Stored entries
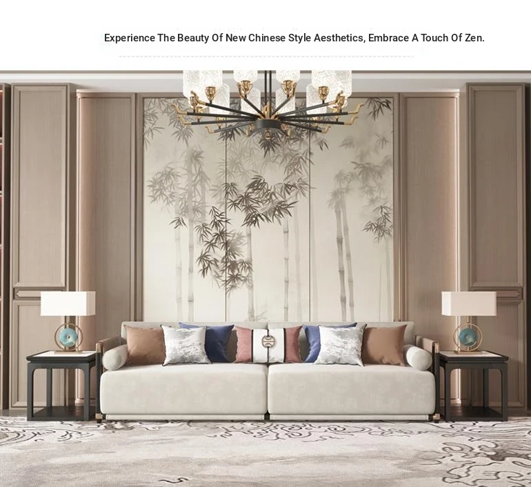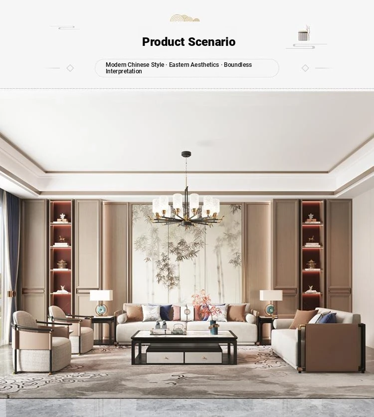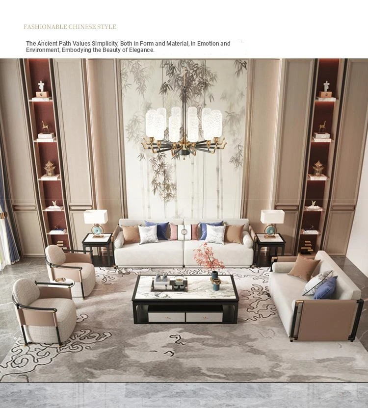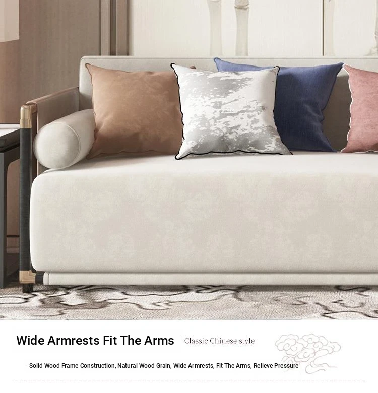 Modern Minimalist New Chinese Style Solid Wood Sofa Set - Luxurious Fabric and Leather Combination for All Apartment Sizes, Perfect for Showroom Living Rooms
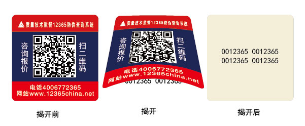 揭開(kāi)式防偽標(biāo)簽應(yīng)用非常廣泛,可起到標(biāo)簽防轉(zhuǎn)移作用,標(biāo)簽被揭開(kāi)時(shí),防偽密碼會(huì)留在產(chǎn)品上面。
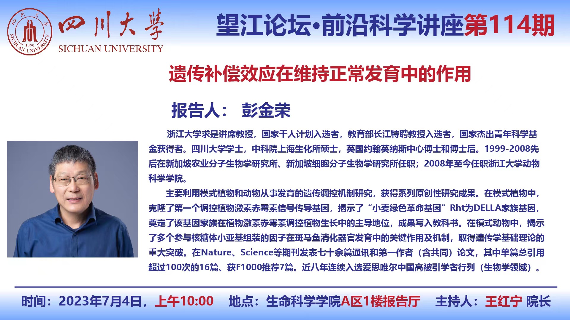 望江论坛-前沿科学讲座(第114期):彭金荣教授7月4日学术报告
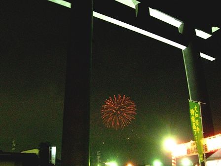 さて、これが撮りたかった大鳥居と花火のコラボ写真
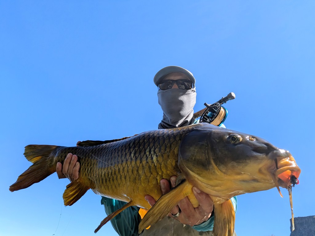 About halfway across the flat I spotted a lone fish, tailing lazily in the sand, the very scenario I had been dreaming about. I had a hybrid fly with a black body tied on (a variation I have been calling the “shadow hybrid” because it sounds cool). The fly had been working extremely well. Two days prior I had landed five fish on it at a small lake, with a bunch more missed fish due to user error. One day before I had hooked five more fish in the river but lost four of them, including a real beast, due to run-of-the-mill bad luck. Needless to say, I was confident in my fly, so I was confused when the fish had zero reaction to my offering. Often, moving a fly from in front of a fish, to recast it for example, will spook a carp, but I tried it anyway. The carp didn’t react to the disturbance, and continued to ignore the fly when I made a second cast. It was facing me at an angle so I was dropping the fly on the near side of the fish to avoid placing the leader over the fish’s head. I made a third cast, dropping the hybrid a bit farther away and more in front of the fish. Then I just left it there and waited. The carp turned slowly towards me, munching its way along the bottom, and then paused and turned back to tail right on my fly. I set the hook, and the fight was on.
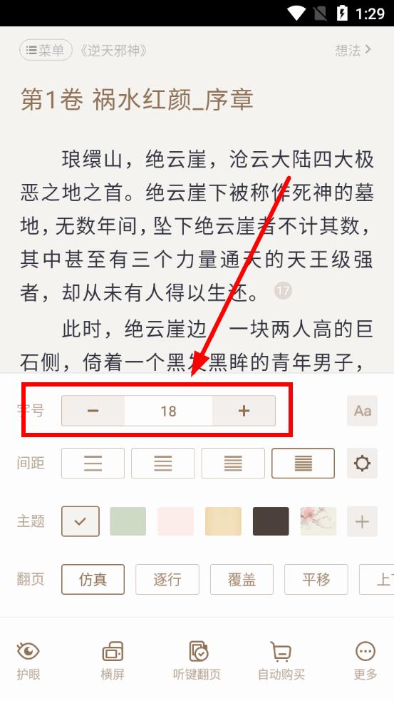 3、在閱讀設(shè)置頁面里,找到字號選項,通過點(diǎn)擊按鈕,即可調(diào)整字體大小到合適的尺寸。
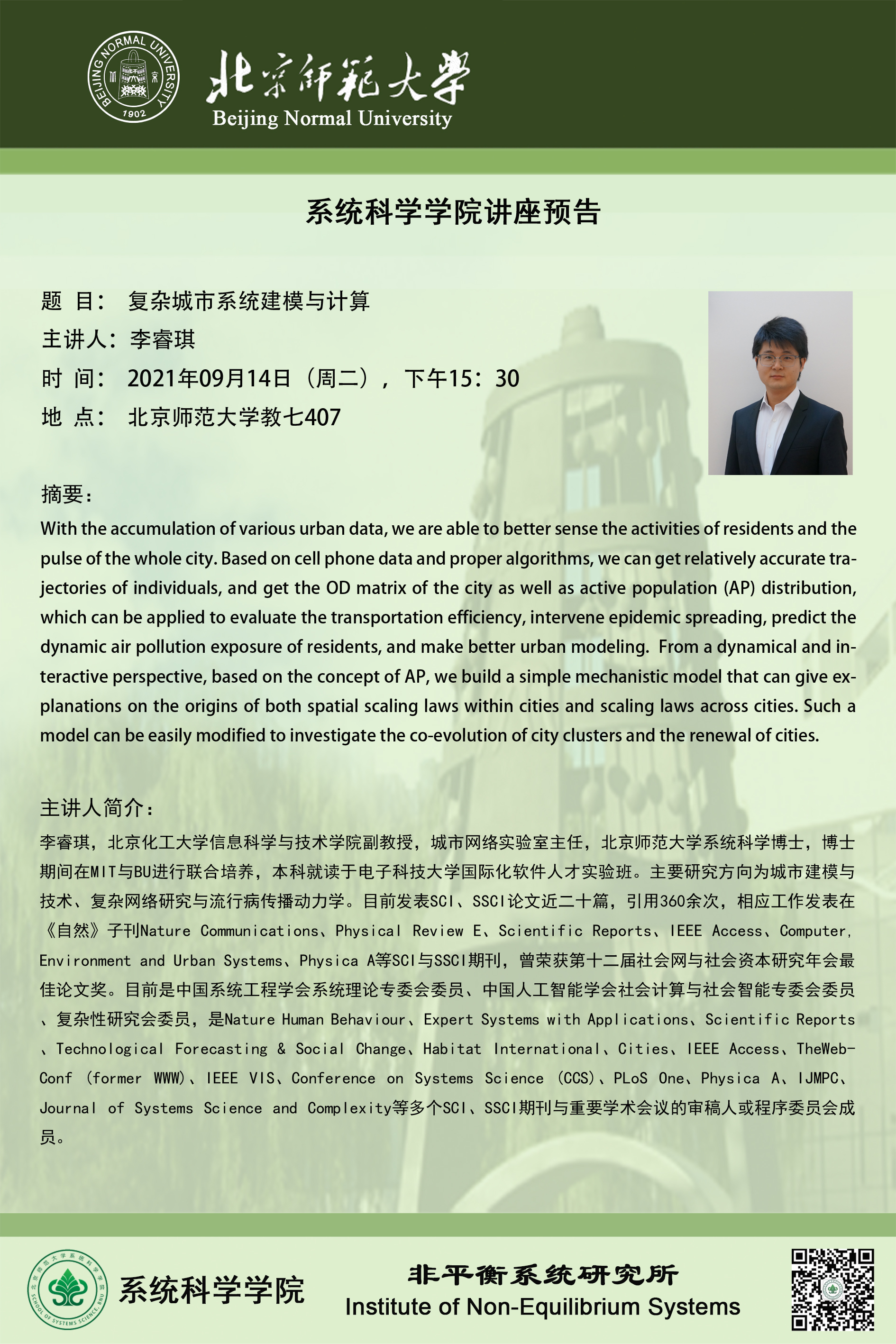 【讲座】复杂城市系统建模与计算
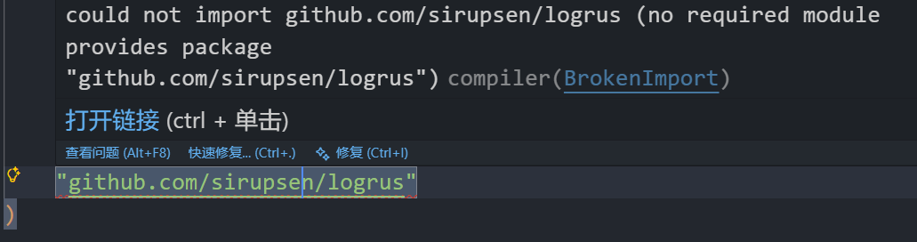 - [关于报错 could not import github.com/sirupsen/logrus (no required module provides package ...) 的解决方案](#关于报错 could not import github.com/sirupsen/logrus (no required module provides package …) 的解决方案)

### Work item
Can the lines from the start of the records through the line with "さて、これが撮りたかった大鳥居と花火のコラボ写真" be given again exactly, with the pictures left out?

### Written solution
 Modern Minimalist New Chinese Style Solid Wood Sofa Set - Luxurious Fabric and Leather Combination for All Apartment Sizes, Perfect for Showroom Living Rooms
 揭開(kāi)式防偽標(biāo)簽應(yīng)用非常廣泛,可起到標(biāo)簽防轉(zhuǎn)移作用,標(biāo)簽被揭開(kāi)時(shí),防偽密碼會(huì)留在產(chǎn)品上面。
 望江论坛-前沿科学讲座(第114期):彭金荣教授7月4日学术报告
 さて、これが撮りたかった大鳥居と花火のコラボ写真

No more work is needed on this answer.